Oh my god. She got it. She knew exactly what he did. “You bought a book on hypnotism and tried to do it yourself.”
He nodded. “It’s what geeks do. They read. They study. They learn to do for themselves.”
“Did it work? Were you able to mesmerize yourself?”
He shook his head. “Not in the least. In the end it was Rick who gave me the answer.”
She waited, her own sundae forgotten. “Well?”
“He’d bought his club by then, but it was struggling. Amateur night was a good draw, but he didn’t have enough acts. So he begged me to fill in. Said if I could go onstage and make someone quack like a duck, then I could face down a boardroom no problem.”
“And that convinced you?”
“Hell, no. But he’s my brother. He really needed some help. Plus he offered to pay me half the night’s profit.”
She snorted. “Was there any that night?”
“No, but it didn’t matter. He’s my brother. I’d tried everything else, and frankly, I could hardly be worse than the rest of the acts.”
She could well believe that. “So you did it. You just went onstage and did it.”
“Well, it took a few vodkas to get me up there the first night, but yeah, I did it. And it worked. I survived. I even got better onstage.” He took a big spoonful of his ice cream soup. “I don’t know if you remember, but I’m not that great onstage. I don’t have the charisma or showmanship that’s needed for a great stage act.”
She frowned. She remembered thinking he looked cute in his tux, but she didn’t remember him being especially funny or entertaining. Not until he dropped into his sexy voice and her mind found the way to turn off. “I thought you did fine.”
“Fine for a bar act. And only when someone cancels on short notice and Rick is desperate.”
“But—” she began. He cut her off.
“It worked, Nicky. I got over my fears, and better yet, I happened to be subbing in when an old high school fantasy walked in.”
She shook her head. She didn’t know whether to admire his determination to face his fear or be envious that even crippling shyness faded away under the force of his will. Both, she supposed. He was really smart and really determined. Good things happened to people who had that combination.
“So,” she said, “you got over your fear.”
He nodded. “Which made a real difference when it came time to sell my company. And now I dabble.” He shrugged. “I play with stuff in my garage hoping for my next great idea. And as long as I’m confessing fears, let me tell you that I’m terrified I’ve already shot my wad, so to speak.”
She frowned. “Um…I don’t get it.”
“I’ve been brilliant. I’ve made my fortune. Maybe I’ve used up all my good ideas.”
She blinked. “You’re not serious, are you? I mean, think about what we did a few nights ago. Believe me—”
He flushed. “Those ideas aren’t hard to come by. But brilliant engineering concepts? I don’t know.”
“Maybe you just haven’t really tried. I mean, why would you? You’ve got everything you need.”
He shook his head. “It’s not about need. It’s about…I don’t know. Inspiration? Luck? Maybe I’ve used mine all up.”
“You haven’t. I’m sure of it.”
He looked at her. Then a moment later, he huffed and looked down. “Sorry. I can’t think engineering when you’re across from me. I keep thinking about your legs. And that black seam.”

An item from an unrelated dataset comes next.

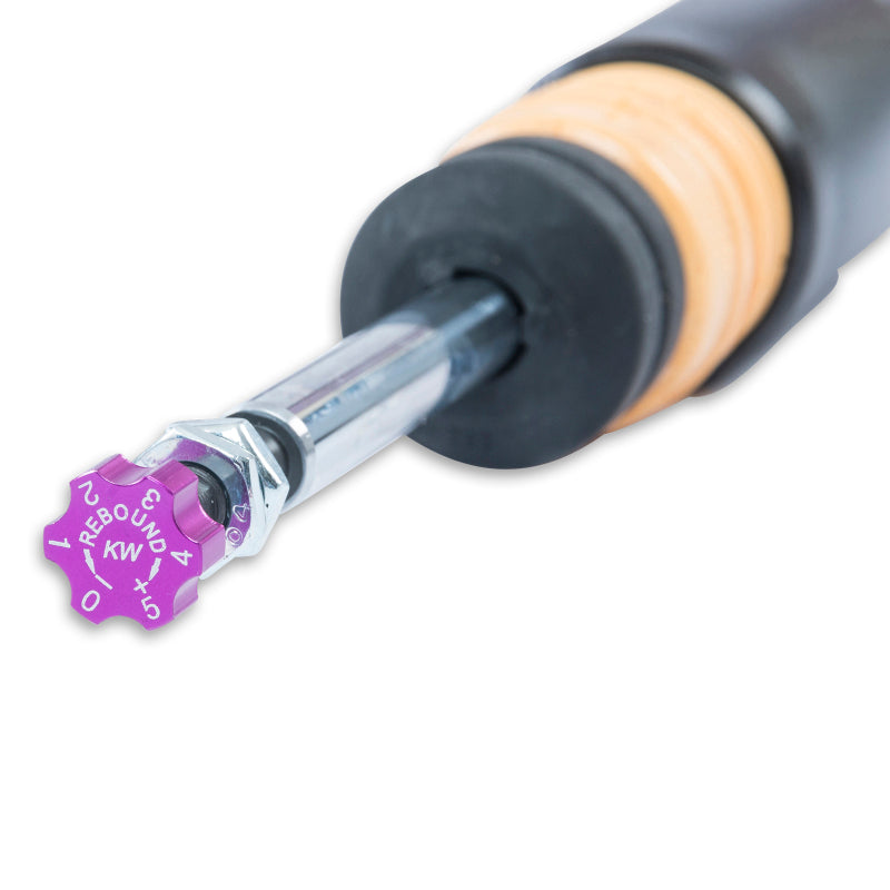 KW Variant 2 INOX-LINE coilovers are the perfect solution for drivers who want more than just outstanding looks and adjustable ride height. In addition to stainless steel coilover struts, and corrosion-resistant components built for long term durability, KW Variant 2 coilovers utilize TVR-A (Twin Valve Rebound - Adjustable) technology -o allow Adjustment -f the rebound damping characteristics with 16 clicks so you can fine tune the ride comfort or performance to your satisfaction. As with all KW coilovers our engineers develop vehicle specific damper settings that undergo comprehensive testing on the Nurburgring Nordschleife and in our KW 7-post Driving Dynamic Test Center. With a KW coilover kit the driving experience is more dynamic and direct. With the rebound adjustability you have more direct influence on the handling or comfort of the car. With 16 precise clicks you can adjust the KW dampers (more firm or more comfortable) without affecting the compression damping fine-tuned by our engineers. The two-stage, patented TVR-A (Twin Valve Rebound - Adjustable) technology -nables a small volume of oil flow through an adjustable, conically shaped, low-speed bypass during low damper speeds, while at high damper speeds, the main rebound stage valve opens allowing a larger volume of oil to flow. This provides a big improvement in terms of ride comfort without influencing the high-speed range. There are 16 precise clicks available for individual settings, so you can choose between more comfort or more body control. For over 20 years, KW automotive has been the market leader and driving innovation as a manufacturer of individual suspension solutions for the road and in all types of motorsports. No matter where in the world, gearheads, automobile manufacturers and reputable tuners rely on our KW coilovers made in Germany. With an application list comprising more than 4,600 options KW guarantees an outstanding selection backed by our Limited Lifetime Warranty.

She laughed, really laughed. The sound was light, and she realized her chest didn’t feel so tight. She wasn’t hypnotized and yet she could breathe. “Well, perhaps you’re just getting a different type of inspiration.”
“How soon can we go home?”
She leaned back, liking their byplay. Despite his words, she didn’t feel pressure to just leap into the car and head to his sex lair. And when he mimicked her relaxed pose, she knew she’d read him right. “Soon,” she finally answered. “But not too soon.”
“Vague, imprecise words. Yeah, that’s just what we engineers love not.” But then he gestured to the waitress and ordered them both coffee and another sundae to share. Hot fudge this time.